Improvements in ranked set sampling
Degree GrantorUniversity of Canterbury
Degree NameDoctor of Philosophy
The main focus of many agricultural, ecological and environmental studies is to develop well designed, cost-effective and efficient sampling designs. Ranked set sampling (RSS) is one of those sampling methods that can help accomplish such objectives by incorporating prior information and expert knowledge to the design. In this thesis, new RSS schemes are suggested for efficiently estimating the population mean. These sampling schemes can be used as cost-effective alternatives to the traditional simple random sampling (SRS) and RSS schemes. It is shown that the mean estimators under the proposed sampling schemes are at least as efficient as the mean estimator with SRS. We consider the best linear unbiased estimators (BLUEs) and the best linear invariant estimators (BLIEs) for the unknown parameters (location and scale) of a location-scale family of distributions under double RSS (DRSS) scheme. The BLUEs and BLIEs with DRSS are more precise than their counterparts based on SRS and RSS schemes. We also consider the BLUEs based on DRSS and ordered DRSS (ODRSS) schemes for the unknown parameters of a simple linear regression model using replicated observations. It turns out that, in terms of relative efficiencies, the BLUEs under ODRSS are better than the BLUEs with SRS, RSS, ordered RSS (ORSS) and DRSS schemes.

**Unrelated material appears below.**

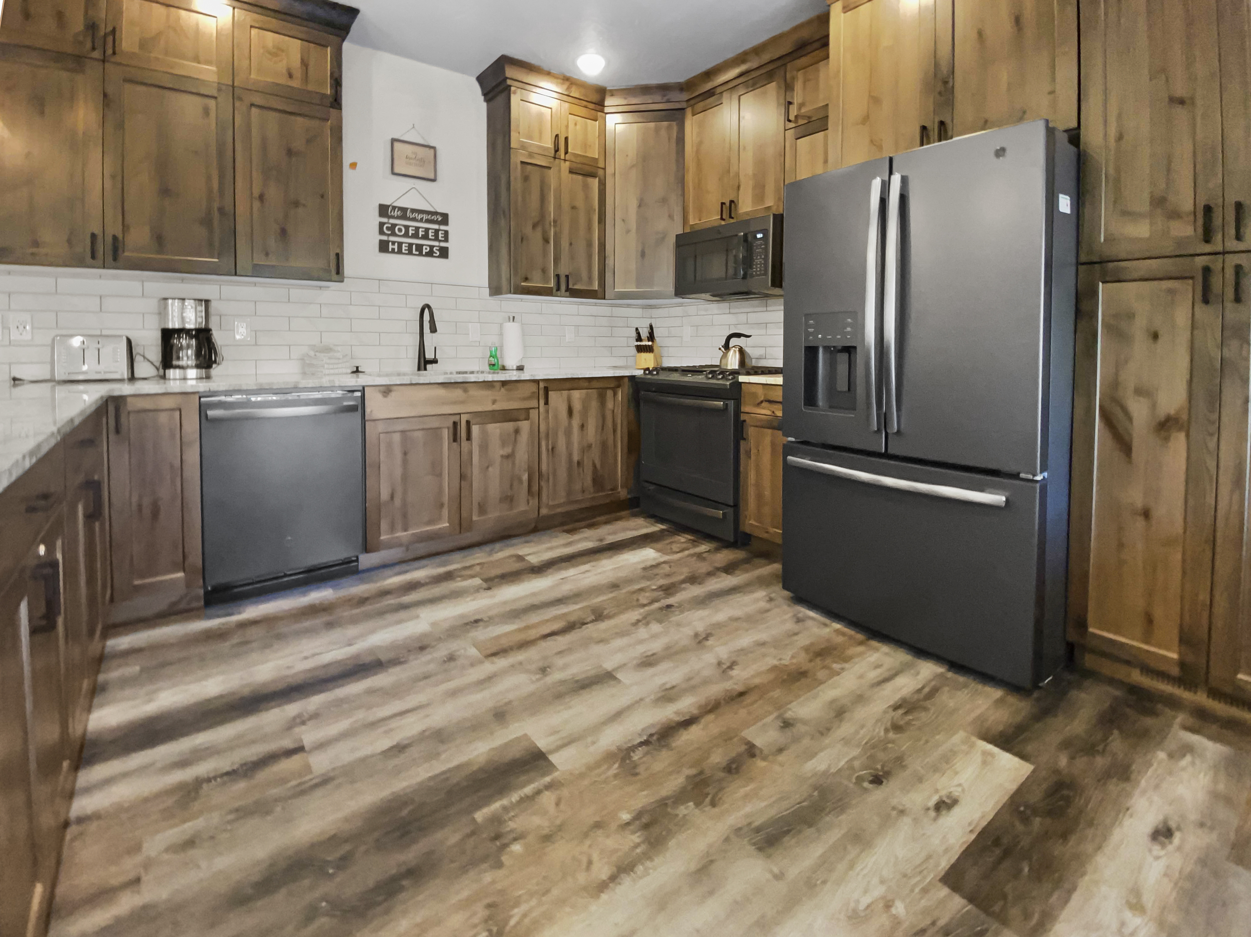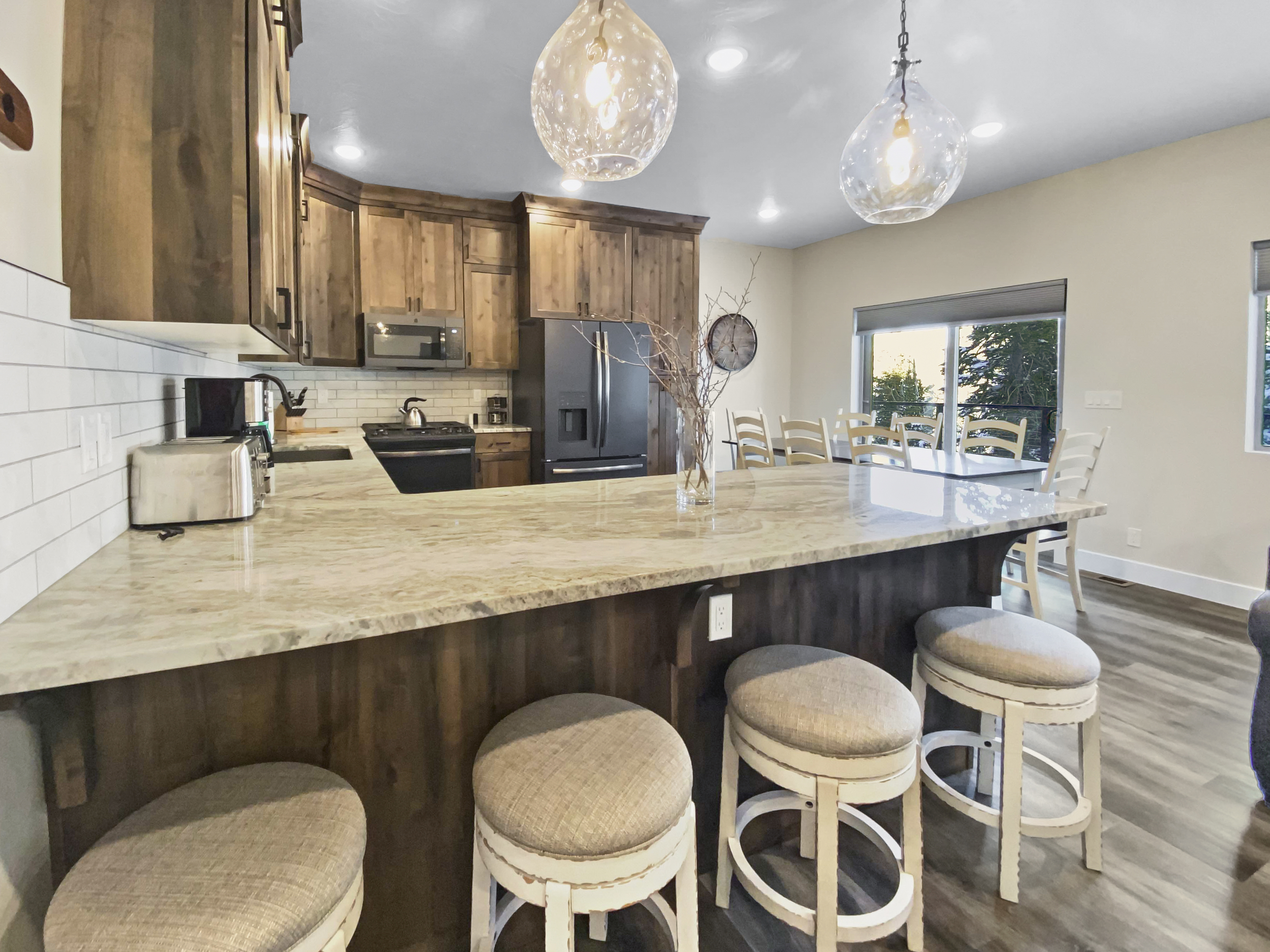 Fully equipped kitchen with granite counters (starter basics provided—bring extras for longer stays)

Quality control charts are widely recognized for their potential to be a powerful process monitoring tool of the statistical process control. These control charts are frequently used in many industrial and service organizations to monitor in-control and out-of-control performances of a production or manufacturing process. The RSS schemes have had considerable attention in the construction of quality control charts. We propose new exponentially weighted moving average (EWMA) control charts for monitoring the process mean and the process dispersion based on the BLUEs obtained under ORSS and ODRSS schemes. We also suggest an improved maximum EWMA control chart for simultaneously monitoring the process mean and dispersion based on the BLUEs with ORSS scheme. The proposed EWMA control charts perform substantially better than their counterparts based on SRS and RSS schemes. Finally, some new EWMA charts are also suggested for monitoring the process dispersion using the best linear unbiased absolute estimators of the scale parameter under SRS and RSS schemes.